Death of a Salesman, theatre review

Published in Northings

Death of a Salesman

Perth Theatre, Perth, 12 February 2011, and touring

ARTHUR Miller’s working title for Death of a Salesman was The Inside of His Head. Perhaps that title is not as catchy, but it gives you an idea of the formal experiment the playwright was attempting. Death of a Salesman is a mainstream play – it clocked up 742 performances on Broadway after its debut in 1949 – and because of that, you can forget how unorthodox its dreamlike structure is.

A portrait of Willy Loman, a washed-up travelling salesman suffering a nervous breakdown, the play glides restlessly backwards and forwards in time in a way that mirrors the protagonist’s troubled mental state. One minute he’s fretting over the state of his finances as his old salesman charm deserts him, the next it’s 20 years earlier and he’s giving his young sons a jovial pep talk, the next again he’s having an affair in some distant motel room. Instead of showing the usual cool detachment of a playwright, Miller really does seem to tell the story from the inside of Loman’s head.

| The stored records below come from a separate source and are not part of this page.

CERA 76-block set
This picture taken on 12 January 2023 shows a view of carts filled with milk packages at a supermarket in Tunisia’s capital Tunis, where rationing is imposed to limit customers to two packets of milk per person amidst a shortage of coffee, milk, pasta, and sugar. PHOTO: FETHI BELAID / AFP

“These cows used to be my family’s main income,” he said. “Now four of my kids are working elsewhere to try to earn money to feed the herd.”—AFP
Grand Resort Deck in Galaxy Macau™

Ian Grieve’s production for Perth Theatre ­– touring to His Majesty’s, Aberdeen and Eden Court, Inverness – emphasises this in two ways. One is the easily adaptable nature of Ken Harrison’s set that allows Ron Emslie’s Loman to step from kitchen to garden to office to restaurant as his wandering mind dictates. The other is the live score, courtesy of Steve Kettley on flute and saxophone, which captures the flavour of 1940s jazz and locates the play in an era of artistic innovation. Throw in some echoing laughter on the soundtrack and you have the impression of a point in history when anarchic forces were about to undermine the unsustainable image of an all-American nuclear family.

It is this image of a family struggling to stay together that Grieve captures best. Robert Jack and Ewan Donald do a great job as the two dissolute sons who would find their parents preposterous if it weren’t for the compelling force of filial love. They are far too old still to be living at home, but Emslie’s attitude of ambition for their future and disappointment in their achievements has them ensnared. There’s something appealing, too, in Vari Sylvester’s Linda, who giggles girlishly one minute and clutches herself arthritically the next and, curious accent notwithstanding, does what she can to hold an increasingly dysfunctional family together.

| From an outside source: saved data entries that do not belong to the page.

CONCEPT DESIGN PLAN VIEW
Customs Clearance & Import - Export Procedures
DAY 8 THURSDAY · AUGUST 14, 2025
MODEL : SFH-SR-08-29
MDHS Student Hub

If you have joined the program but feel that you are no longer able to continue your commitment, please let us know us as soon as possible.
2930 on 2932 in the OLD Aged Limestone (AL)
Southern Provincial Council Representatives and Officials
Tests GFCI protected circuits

There is more dark than light in the production, however, and forceful though Miller’s tragedy remains, we don’t get enough sense of the idyllic life that has been lost with the collapse of this particular American Dream. (Pic: Eamonn McGoldrick)
Death of a Salesman runs at Perth Theatre until 26 February, then plays at His Majesty’s Theatre, Aberdeen, 1-5 March 2011, and Eden Court, Inverness, 8-12 March 2011.